Taking into account the fact that these two age groups must be treated as repeated measures, a Wilcoxon matched-pairs signed rank test was used to test the difference between them (W = 365, p = 0.0267, n = 43). A significant difference was confirmed with the median of differences 0.06 (95% CI: (−0.02 to 0.16)). The Spearman coefficient confirmed the effect of pairing as it was significant and reached a value of 0.5735 with p < 0.0001. Statistical analyses were conducted for the first litter with the following results: (W = 82, p = 0.3588, n = 28), median of differences was 0.06 (−0.02 to 0.16), Spearman coefficient was significant and reached a value of 0.5735 with p < 0.0001. Significant differences between age groups were not confirmed. Results of analyses for the second litter: (W = 83, p = 0.0157, n = 15), median of differences was 0.18 (−0.13 to 0.32), Spearman coefficient did not confirm effecting of pairing, it was not significant −0.1321 with p = 0.3195. Significant differences between age groups were confirmed, but the nonsignificant Spearman coefficient means that the effect of pairing was not significant.

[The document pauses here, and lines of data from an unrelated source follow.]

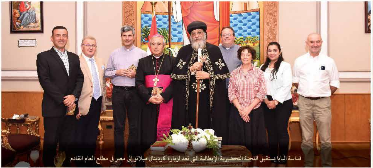
قداسة البابا يستقبل اللجنة التحضيرية الإيطالية التي تعد لزيارة كاردينال ميلانو إلى مصر في مطلع العام القادم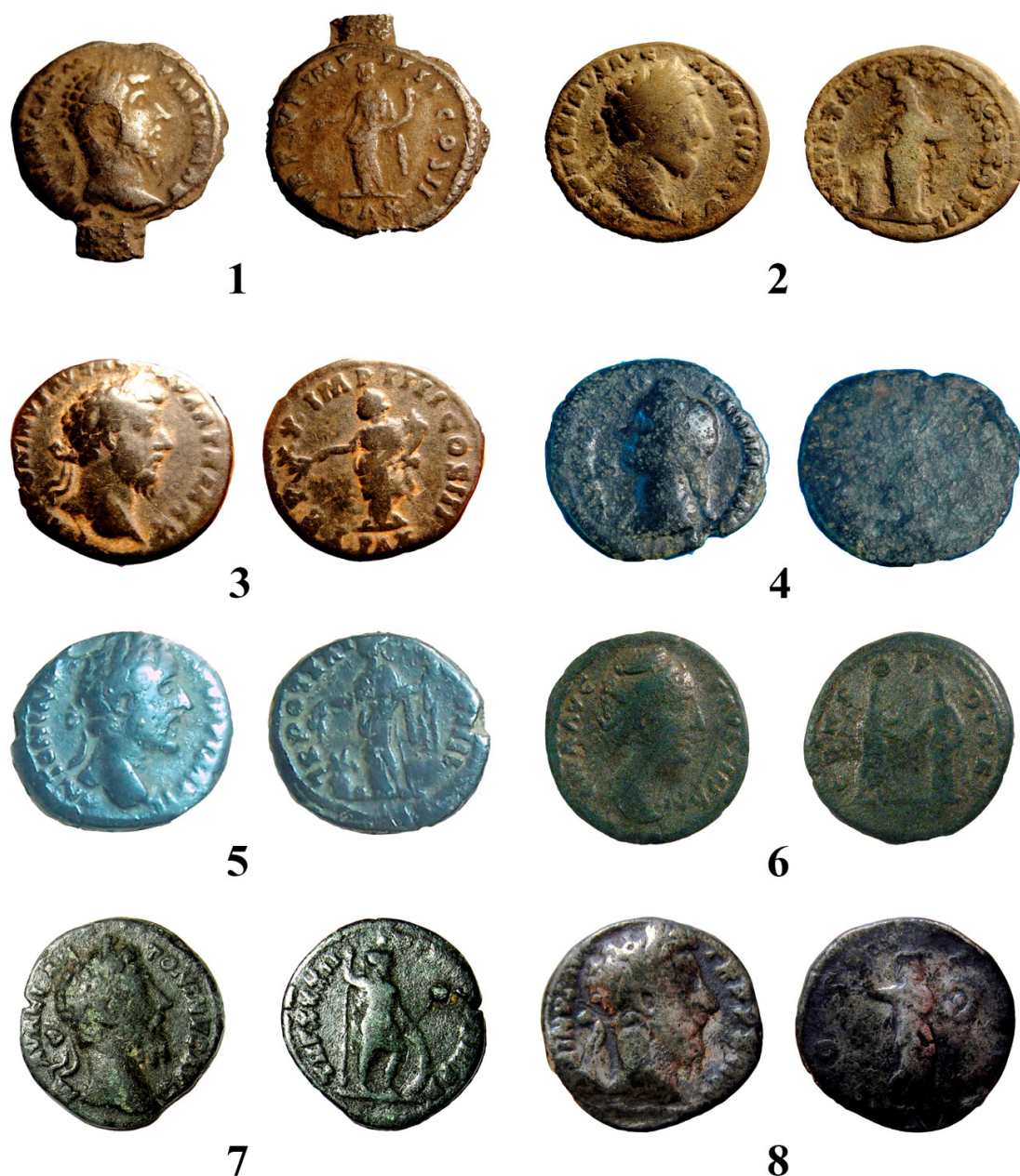
Рис. 1. Литые денарии. Брестская область (Побужье и Припятское Полесье): 1–2 – д. Пожежин, Малоритский район; 3 – д. Дружба, Брестский район; 4 – окрестности Бреста; 5 – д. Чижевщина, Жабинковский район; 6 – д. Демянчицы, Каменецкий район; 7 – д. Площево, Пинский район; 8 – д. Рубель, Столинский район.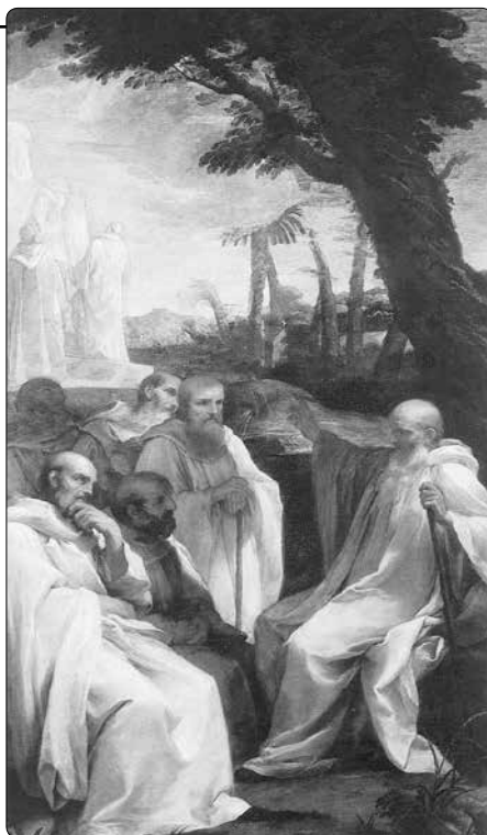
Andrea Sacchi (1599-1661): Vidění svatého Romualda, olej na plátně, 310 x 175 cm

Romuald se nenechal dvakrát pobízet a postavil tam spolu s nimi malý kostelík a kolem něj pár skrovných dřevěných chatrčí. Celé prostranství nazval Camaldoli (Campo di Maldoli). Tím dal počátek kamaldulskému řádu, což je větev řádu benediktinů vyznačující se velmi přísnými regulemi. Mniši žijí spolu, ale v mlče-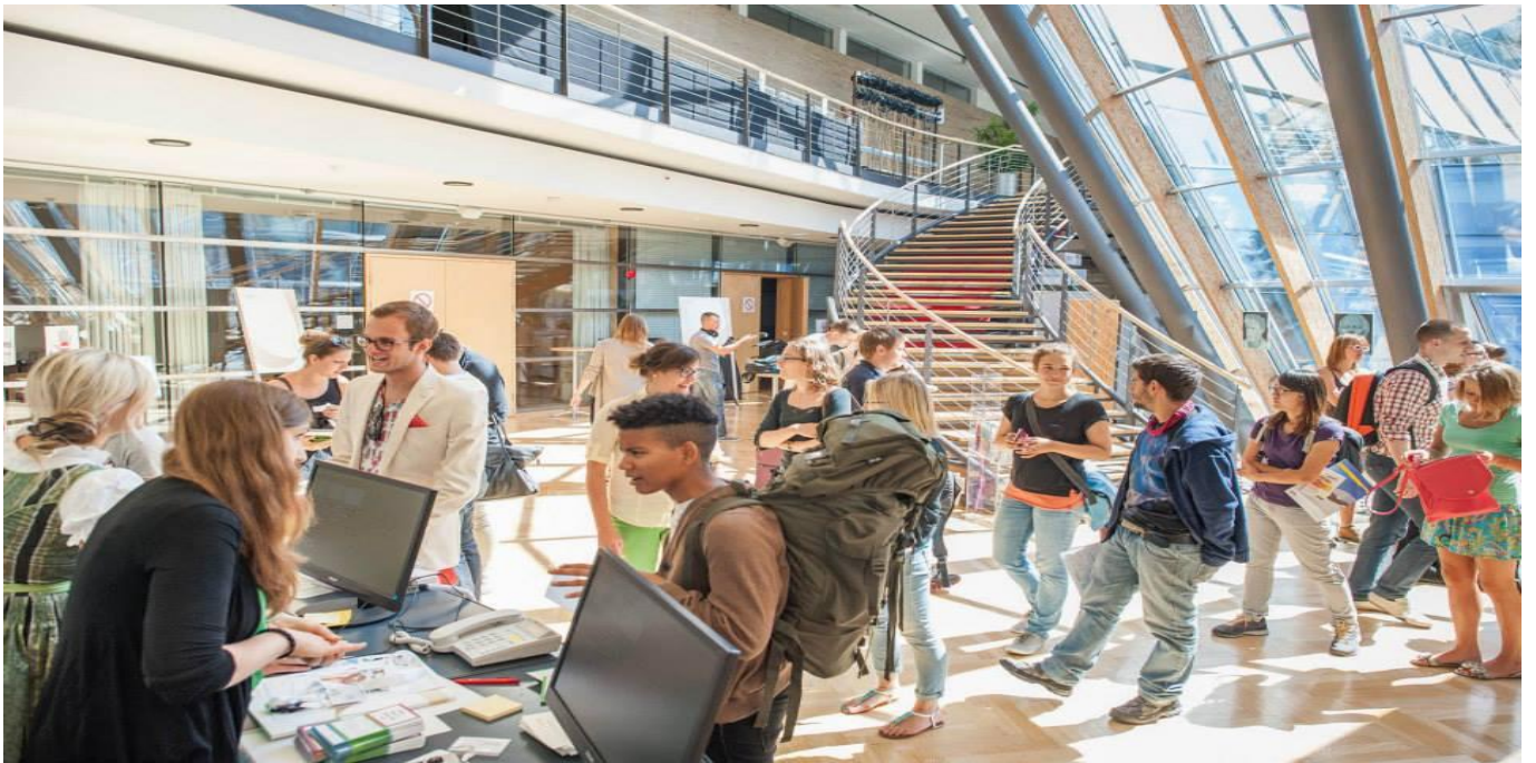
Konferencijski kompleks Europskog Foruma Alpbach - Congress Centre Alpbach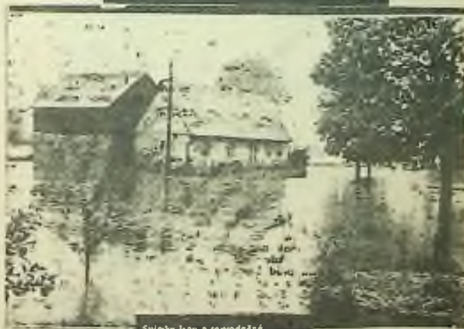
Snímek jsou z rovněžnánské lázně Smědské na Frýdantsku, která svým krásným pohledem a velkým spádem patří mezi lázně s nejkrásnějšími předpovědi.

Od 31. července do 3. srpna 1977 v ČSR téměř nepřetržitě přišlo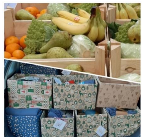
Illustratie 3: Kerstpakketten voor de wijk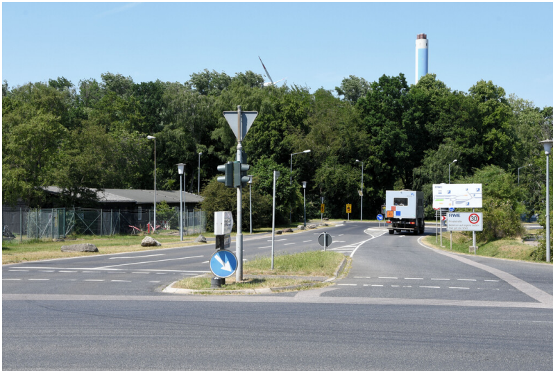
Kraftwerk Weisweiler: Kraftwerkszufahrt, Abzweig von der Straße "Am Kraftwerk", Ansicht von Süden; Foto: 13.06.2023

In relation to combination of play partners’ sexes within the dyads, the testing with the Kruskal–Wallis ANOVA was used. The box-plot graph of winning indexes (WIs) for sexually different (F, M, FM) groups of dyads in both age pseudoreplicates shows that the WIs oscillate more or less about 0 (
Figure 3).
Significant differences were not confirmed for the younger group (Kruskal–Wallis test: H (2, n = 43) = 1.2046 p = 0.5475) nor for the older group (H (2, n = 43) = 1.9808 p = 0.3714). Significant differences for symmetry in relation to the sex composition of dyads were not confirmed for litter 1 nor litter 2 (tested separately), but we assume that nonsignificance is likely to be due to the low sample size.